Subscreve as palavras de Keynes: “o inevitável geralmente não acontece, porque o imprevisível prevalece”.
Sem dúvida. E embora não seja meu hábito fazer sugestões, deixo esta: as pessoas devem estar abertas ao inesperado, ao imprevisível. Se olharmos para o presente, constatamos que a guerra, a violência, o fascismo são inevitáveis. Mas o inevitável nunca acontece porque existe o imprevisível. Ora, nós não sabemos o quão imprevisível as coisas podem ser, mas podemos estar recetivos ao imprevisível. Devemos estar atentos e procurar continuamente uma ‘linha de fuga’ para o inevitável, sendo que isso requer muito empenho, uma enorme energia e atividade.
Como vê a Europa de hoje?
De momento, exceto Portugal e Espanha, o racismo é o único ponto de entendimento entre os europeus. Nem mais nem menos: racismo. E não tem a ver com o medo do outro, da diferença. Tem a ver com a incapacidade de lidar com o passado colonial. A ideia que prevalece na Europa é que se ganha quando se é mais racista do que o outro. A Europa está fraturada e o discurso mantém-se: o Norte contra o Sul, [o grupo de] Visegrado contra Paris e Berlim… Enfim, apenas confluem num aspeto: rejeitar a imigração. Mesmo que isso signifique a morte de milhares de pessoas e o encarceramento de milhões de pessoas na Líbia, no Níger, nos Camarões, na Nigéria e por aí diante. Além disso, estamos perante uma situação altamente paradoxal, que é o facto de Trump e Putin se entenderem, serem amigos. Isto traz novos desafios e maior imprevisibilidade.
Considera que a diplomacia ainda pode ter um papel relevante na gestão dessa imprevisibilidade?
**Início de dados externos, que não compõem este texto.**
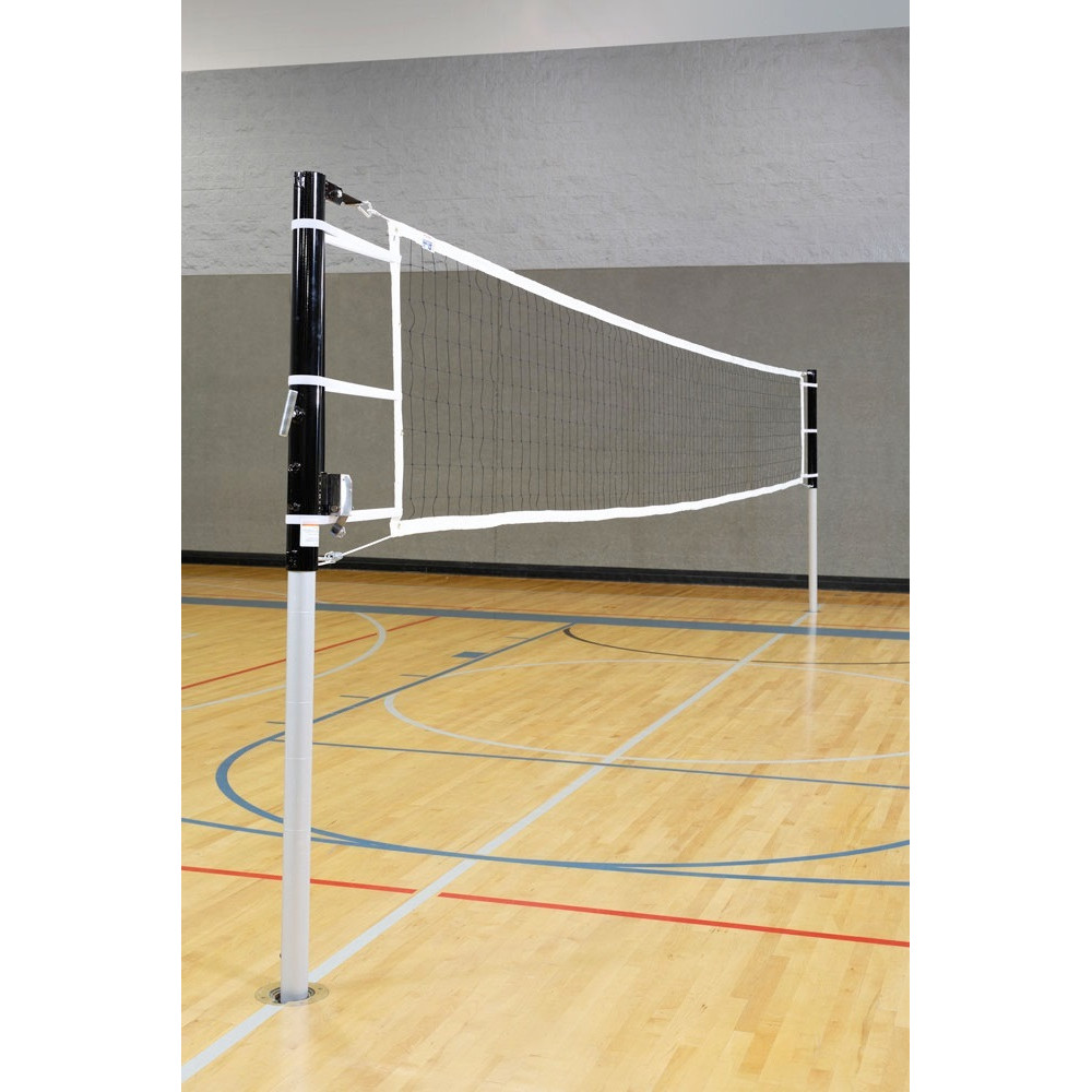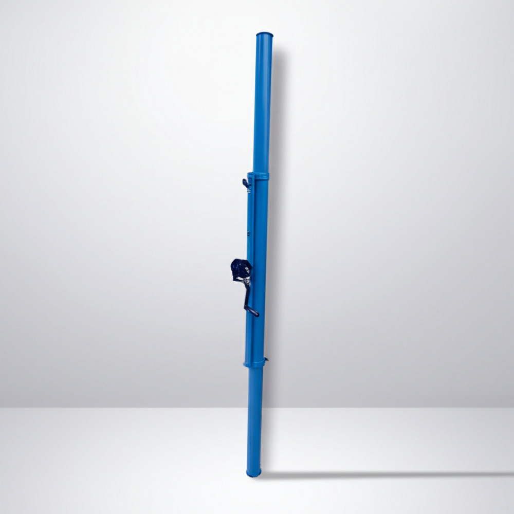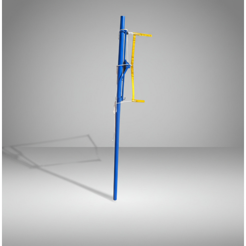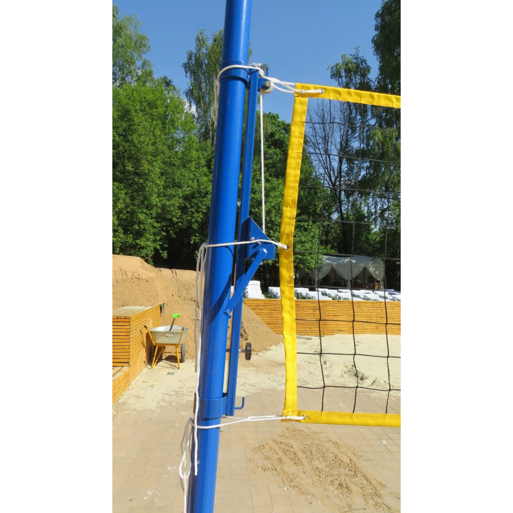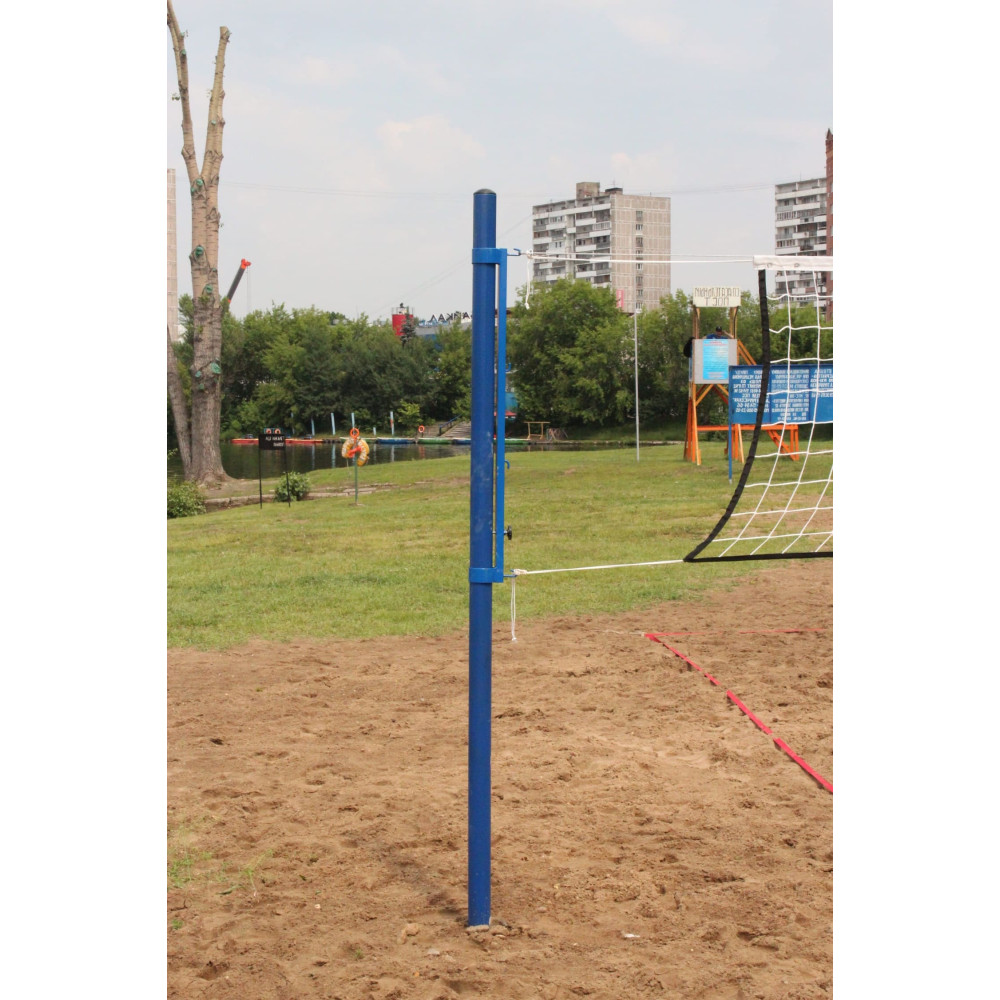 Универсальные волейбольные стойки высотой 2,55 м, с системой натяжения и стаканами, предназначенные для различных видов спорта.

A diplomacia é algo quase impossível nos tempos que correm, porque os EUA e a Rússia deixaram de ser inimigos. Trump tem razão quando diz que Putin “é um tipo porreiro”, porque esteve com ele pessoalmente e percebeu no seu olhar que é boa pessoa. Ele vê as coisas assim: Putin é branco como nós [americanos] e é cristão. O mundo mudou. Hoje já não existe uma lógica bipolar, dois blocos que se opõem. O que temos é brancos contra pessoas de cor. Na minha opinião, o supremacismo é a verdadeira divisão nos dias de hoje. E o nacionalismo é uma forma de supremacismo. Daí a pergunta: como podemos explicar o estado de guerra atual? É o resultado de 500 anos de colonialismo. O homem branco é incapaz de enfrentar essa herança e responsabilidade, porque implica a redefinição das nossas expetativas económicas e de consumo. E não me refiro a um racismo do passado; o racismo atual é algo absolutamente novo. Os brancos europeus, tal como os brancos americanos, têm a perceção de que estão a ser invadidos e isso vai levar a uma guerra, mais tarde ou mais cedo. Ou seja, temos forçosamente de repensar o nosso futuro económico. O crescimento acabou, pelo que só a redistribuição da riqueza pode dar início a uma nova era, a um novo processo de solidariedade.